**REQUIRED WORK**
From the first line of the entries below through the line bearing "2000 y 2021 |", write out each line exactly. Omit pictures.

**RECORDED INFORMATION**
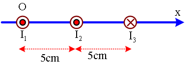 Hệ tọa độ Đề-các vuông góc Oxyz, trong mặt phẳng Oxy, nằm ngang, ba dòng điện thẳng dài cùng song song với trục Oy, = 10 A chạy theo chiều dương của trục Oy, = 45 A chạy theo chiều ngược lại như hình vẽ. Điểm M thuộc trục Ox có hoành độ x hữu hạn. Nếu cảm ứng từ tại M bằng không thì giá tri của x là
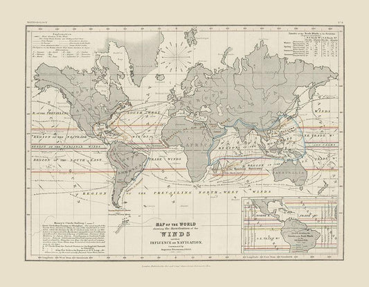 Mercator Projection - Longman 1829 White Modern Wood Framed Art Print with Double Matting by Longman
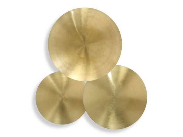 Iron wall discs with an elegant plated brass finish. A modern, minimalist design for any interior. Sizes: Sm-27.5×3, Med-23.5×4, Lg-20×3
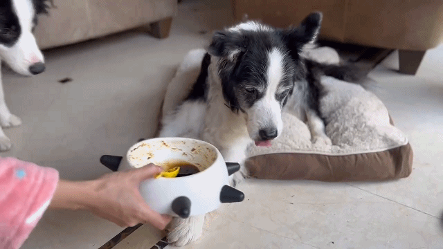 雖然妞妞已經看不見了,但是有東西送到嘴邊,它都來者不拒,吃得很香。
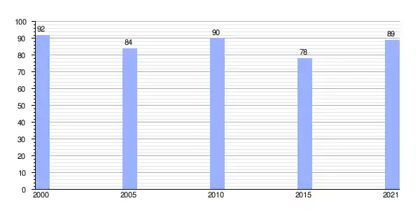 | Gráfica de evolución demográfica de Urriós entre 2000 y 2021 |
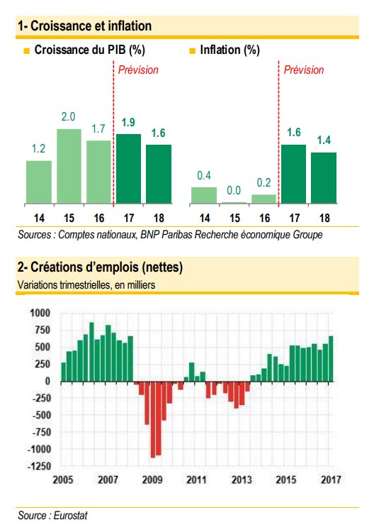 Elle est à mettre en lien avec le redressement de la confiance qui résulte, pour une large part, de l’amélioration des perspectives d’emploi. Alors qu’elle avait largement profité, depuis fin 2014, de la baisse des prix de l’énergie – celle-ci apportant un soutien décisif à la consommation des ménages – la croissance économique s’est donc poursuivie, et même renforcée, à partir de mi-2016, malgré leur remontée. C’est désormais l’emploi qui alimente le revenu et la consommation des ménages. L’autre caractéristique de cette phase de reprise est l’accélération de l’investissement. Après une modeste hausse entre le T2 2013 et le T2 2015 (4,7%) – insuffisante pour relever le taux d’investissement (la part de l’investissement dans le PIB) – la croissance de l’investissement a atteint 8,5% depuis mi-2015.
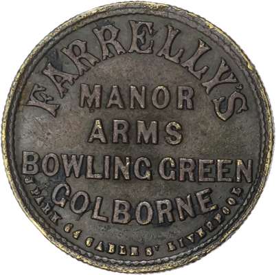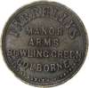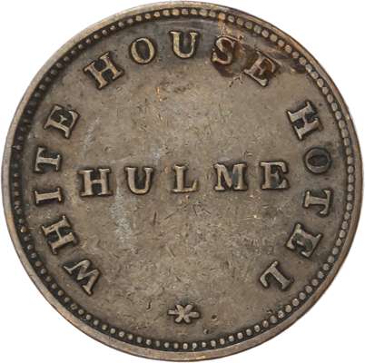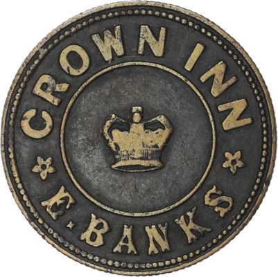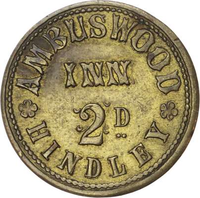 Lancs. Bury, Bell Lane. Grapes Inn, 2d., 26mm. of Mary Holt. VF toned ; Golborne, Manor Arms, 2d., 26.5mm. Farrelly’s. (Park) ; Hulme, Crown Inn, brass no dom. check 27mm., E Banks. , White House Hotel , no denom. 23mm; Hindley (Wigan), Ambuswood Inn , uniface 2d., 25mm. gVF. [5]
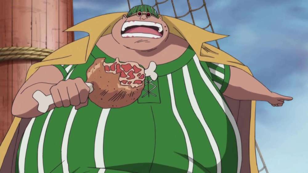 然后就是拉基路,他是红发海贼团的厨师,是一位即便在战斗中也连肉带骨头撑得腮帮满满的大胃王,宽阔的身躯是他的武器,脸上总是挂着爽朗的笑容,是同伴里的气氛带动担当。拉基路擅长的能力是霸气和人肉保龄球,性格不太擅长和女人打交道,和贝克曼刚好相反。

**ANSWER TO THE PROBLEM**
 Hệ tọa độ Đề-các vuông góc Oxyz, trong mặt phẳng Oxy, nằm ngang, ba dòng điện thẳng dài cùng song song với trục Oy, = 10 A chạy theo chiều dương của trục Oy, = 45 A chạy theo chiều ngược lại như hình vẽ. Điểm M thuộc trục Ox có hoành độ x hữu hạn. Nếu cảm ứng từ tại M bằng không thì giá tri của x là
 Mercator Projection - Longman 1829 White Modern Wood Framed Art Print with Double Matting by Longman
 Iron wall discs with an elegant plated brass finish. A modern, minimalist design for any interior. Sizes: Sm-27.5×3, Med-23.5×4, Lg-20×3
 雖然妞妞已經看不見了,但是有東西送到嘴邊,它都來者不拒,吃得很香。
 | Gráfica de evolución demográfica de Urriós entre 2000 y 2021 |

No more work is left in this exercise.